• ABOUT THIS EXERCISE: In the entries below, copy only the lines from the one that contains "Al maig el port" through the last line, exactly, and omit any pictures.

** Opening GIVEN RECORDS block **

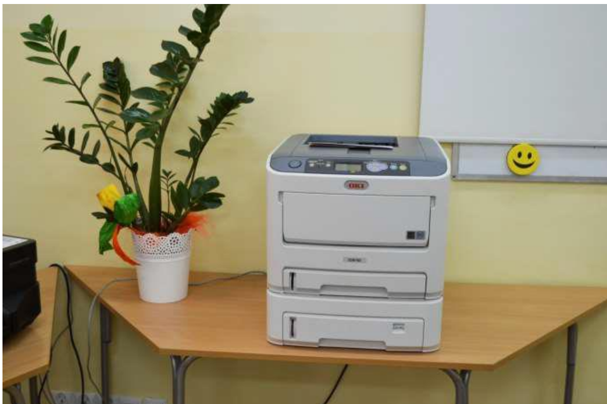
Fotografie zostały wykonane w naszych pracowniach.
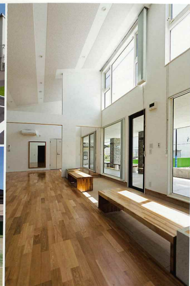
研修センター。社内研修だけでなく、さまざまなレクリエーションの起点となるスペース
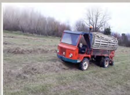
Entretien mécanique au Maine Augeais (Ronsenac)
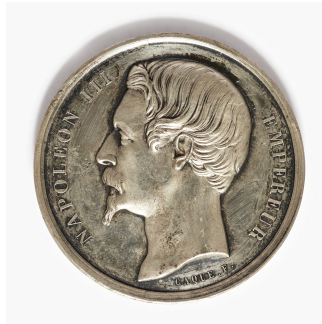
Médaille d'argent de l'Exposition industrielle de 1859 à Bordeaux
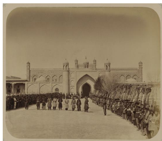
Qo'qon. Xon saroyining ichki darvozasi
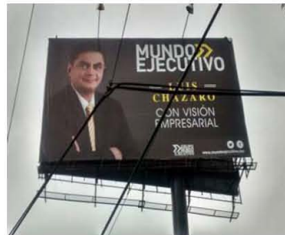
Testigo del monitoreo
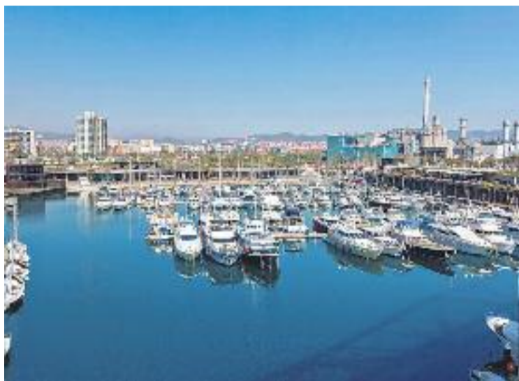
L'hotel acompanyaria el Café del Mar.

Al maig el port ja va acollir la inauguració de la nova discoteca de la franquícia Café del Mar i amb anterioritat ja s'havia especulat que el canvi d'imatge del port també implicaria la construcció d'un hotel. Mesos enre- res va especular amb l'arriba-
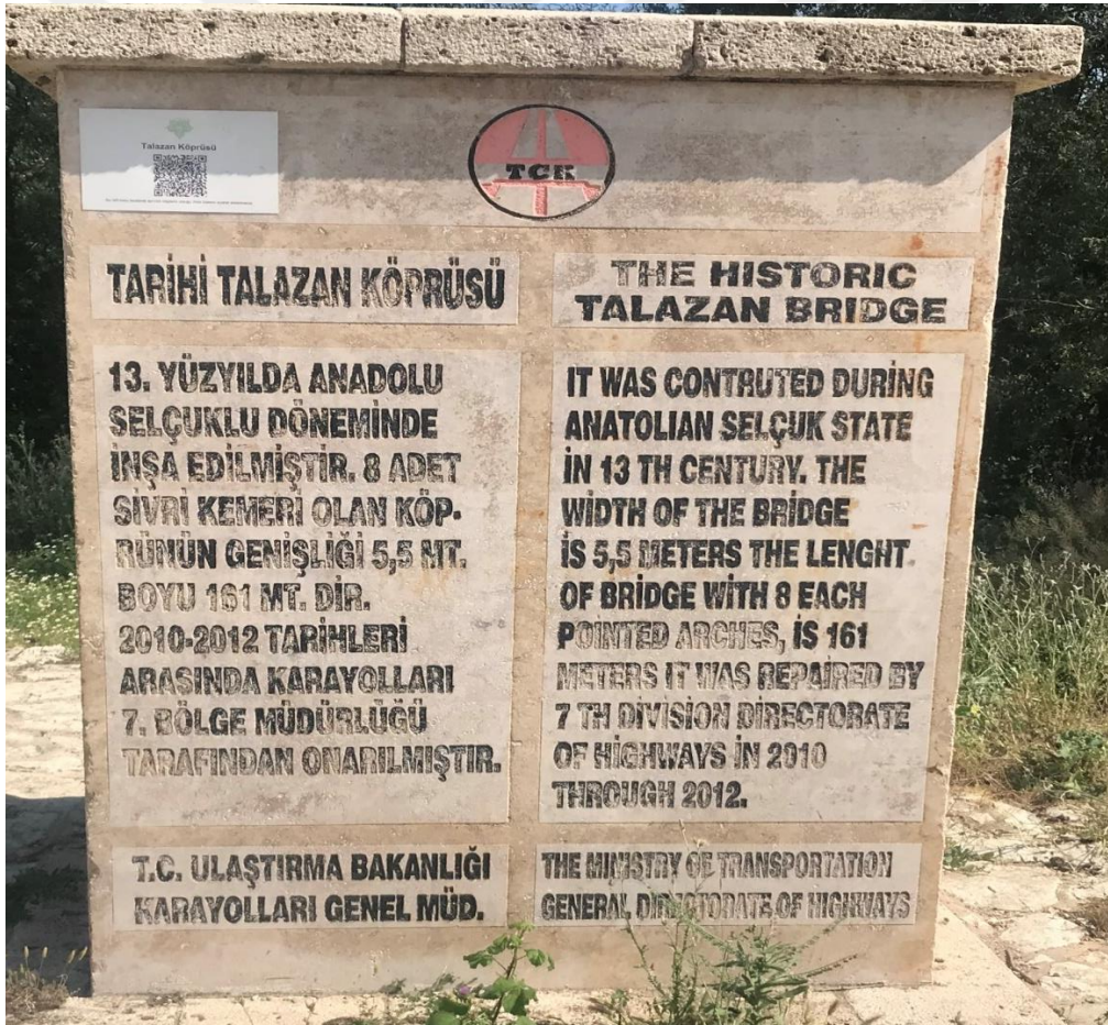
Resim 28: Talazan Köprüsü'nün Açıklama Metni

** Closing GIVEN RECORDS block **

• RESPONSE:
Al maig el port ja va acollir la inauguració de la nova discoteca de la franquícia Café del Mar i amb anterioritat ja s'havia especulat que el canvi d'imatge del port també implicaria la construcció d'un hotel. Mesos enre- res va especular amb l'arriba-
Resim 28: Talazan Köprüsü'nün Açıklama Metni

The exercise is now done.